Start of Data below

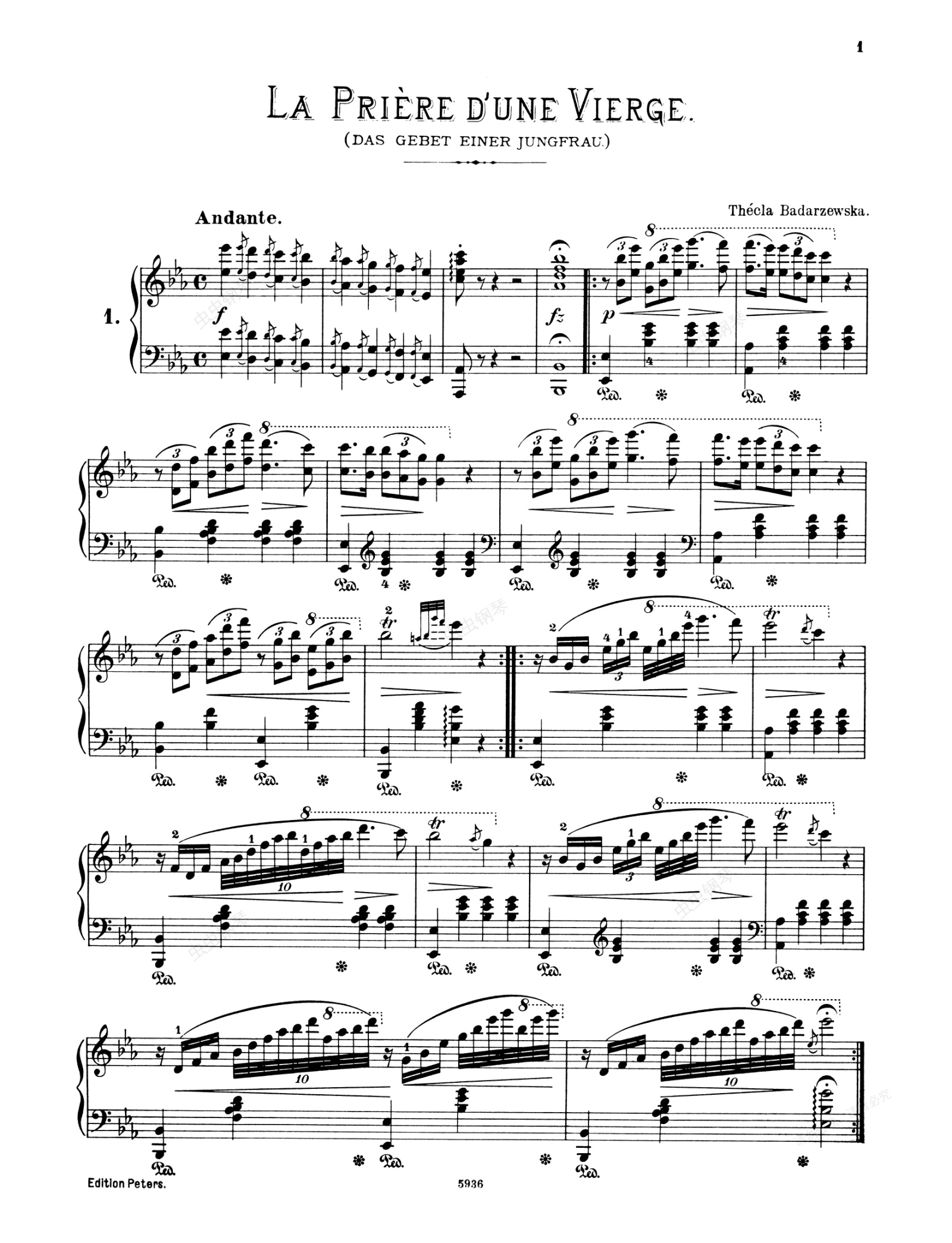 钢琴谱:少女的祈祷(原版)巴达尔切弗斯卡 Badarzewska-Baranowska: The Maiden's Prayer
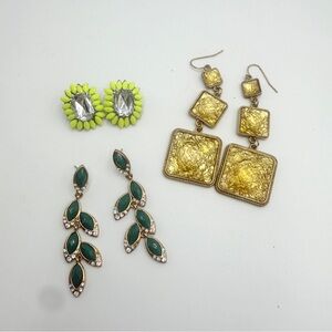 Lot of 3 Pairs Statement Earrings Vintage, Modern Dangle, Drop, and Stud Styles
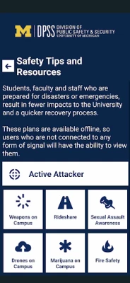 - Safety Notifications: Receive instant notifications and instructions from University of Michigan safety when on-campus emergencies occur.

End of Data below

▶ [What you should do]
Output the lines of the data exactly, starting at the first and ending with the line that has "Lot of 3 Pairs". Pictures are not part of it.

▶ [Written answer]
 钢琴谱:少女的祈祷(原版)巴达尔切弗斯卡 Badarzewska-Baranowska: The Maiden's Prayer
 Lot of 3 Pairs Statement Earrings Vintage, Modern Dangle, Drop, and Stud Styles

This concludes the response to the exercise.